Evocación

El debut de Lomelín

Por: Jorge Raúl Nacif – Foto: TM

Marco en la historia quedó el debut del maestro Antonio Lomelín en la Plaza México, aquel 9 de mayo de 1965. Han pasado 55 años de la presentación como novillero de un torero que, con el paso del tiempo, llegó a convertirse en todo un referente de la tauromaquia mexicana.

El ejemplar de su presentación llevó por nombre “Magueyero” y perteneció a la ganadería de Atlanga. Completaban el cartel los también novilleros Víctor Pastor y Jorge Riveroll.

Antonio Lomelín Migoni, nacido en Acapulco el 26 de diciembre de 1945, dio muestras de su valor como torero desde su etapa novilleril. Su debut de luces tuvo lugar en la placita de “La Aurora”, ubicada en Ciudad Nezahualcóyotl, el 11 de octubre de 1964.

El doctorado lo recibió el 20 de noviembre de 1967 en la tradicional Corrida de la Revolución, en Irapuato, Guanajuato. Manuel Capetillo le cedió los trastos en presencia de Joselito Huerta y ante el ejemplar “Tupinamba”, de Rancho Seco, tarde en la que surgió un matador de toros que tuvo sus etapas más trascedentes durante los años setenta y ochenta. Aquel día, Lomelín sufrió una cornada en el recto.

Algunos meses después, Lomelín confirmó en la Plaza México, lo que tuvo verificativo el 18 de febrero de 1968, llevando como padrino a Joselito Huerta y como testigo fungió Jesús Solórzano. Pronto fuer abriendo caminos, pues ese mismo año,Antonio concluyó como líder del escalafón mexicano.

Posteriormente emprendió el viaje a España y debutó en Barcelona el 25 de julio de 1969. El 28 de mayo de 1970 confirmó en Las Ventas de Madrid, de manos de Andrés Vázquez, y logró un triunfo de puerta grande; le tumbó una oreja al toro de la confirmación y las dos a su segundo.

Este triunfo le tuvo repercusión en España y en ese año de 1970, terminó con 22 corridas del otro lado del Atlántico. En 1971, le cortó una oreja a un toro de Mimiahuapám, en Madrid, cuando la ganadería mexicana se anunciaba por vez primera en la capitaldel toreo. Semanas después, en Barcelona, sufrió una seria cornada ante un ejemplar de Osborne.

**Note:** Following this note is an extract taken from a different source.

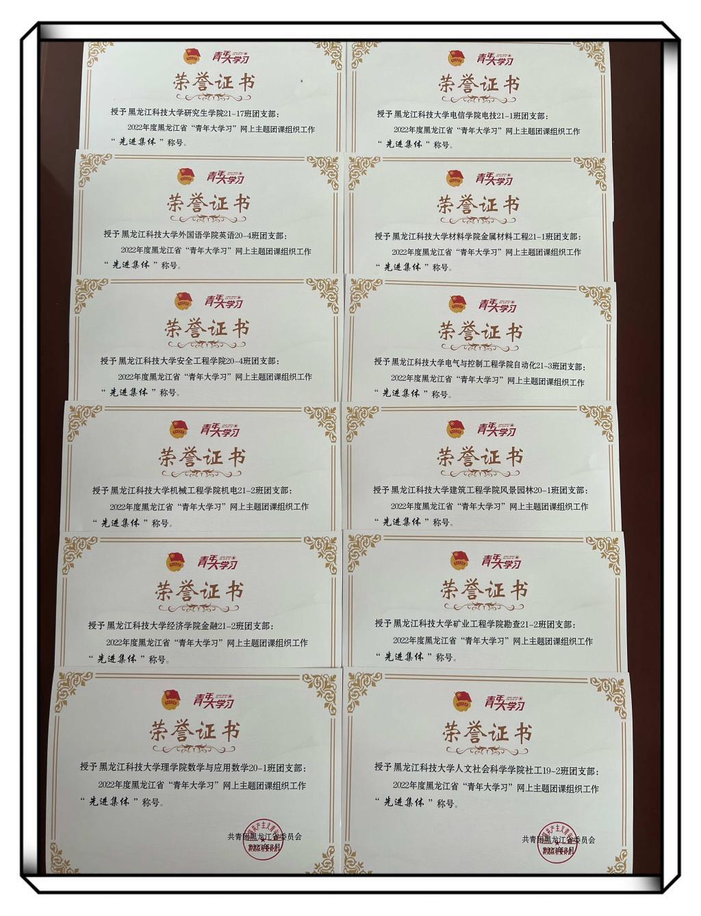 近日,在黑龙江团省委下发了《关于表扬2022年黑龙江省“青年大学习”网上主题团课组织工作标兵单位、先进单位、先进个人、先进集体的通报》。其中,幻影手机官方网站_幻影(中国)团委荣获2022年度黑龙江省“青年大学习”网上主题团课组织工作“先进单位”;于思萌、叶晓敏、朱彦松等21名专兼职团干部被授予黑龙江省“青年大学习”网上主题团课组织工作“先进个人”荣誉称号;安全工程学院团委、人文社会科学学院团委、电气与控制工程学院团委及12个优秀团支部被授予组织工作“先进集体”荣誉称号。

Antonio conectaba pronto con los tendidos; valiente hasta el extremo y con un pundonor muy especial, sufrió alrededor de 35 cornadas. Quizá la más grave fue la que le infirió “Bermejo”, de Xajay, el 16 de febrero de 1975; al colocar un par de banderillas, el ejemplar le metió el pitón en el vientre y, en una escena dramática, sus intestinos rodaron por la arena y, con sangre fría, los recogió para dirigirse a la enfermería

Con base en su variedad capotera, su espectacularidad banderillera y su poderosa muleta, así como la gran eficacia al momento de ejecutar la suerte suprema, Antonio sumó triunfos en toda la República Mexicana y en cosos europeos. En la Plaza México realizó 40 paseíllos, corridas en las que cosechó 16 orejas y dos rabos, así como una faena sensacional que derivó en el indulto de un toro de San Martín, un 25 de mayo de 1982.

Luego de una gran trayectoria profeisonal, Lomelín se retiró la tarde del 18 de febrero de 1996, tras desorejar al toro “Segador”, de Rancho Seco, en la Plaza México. Sus padrinos, Manuel Capetillo y Joselito Huerta, fueron los encargados de cortarle la coleta en el centro del redondel.

Lomelín murió a los 58 de edad, en la Ciudad de México, el 8 de marzo de 2004. Un paro cardiaco terminó con la vida del que fuera uno de los toreros mexicanos más representativos de los últimos tiempos, figura del toreo dejó huella.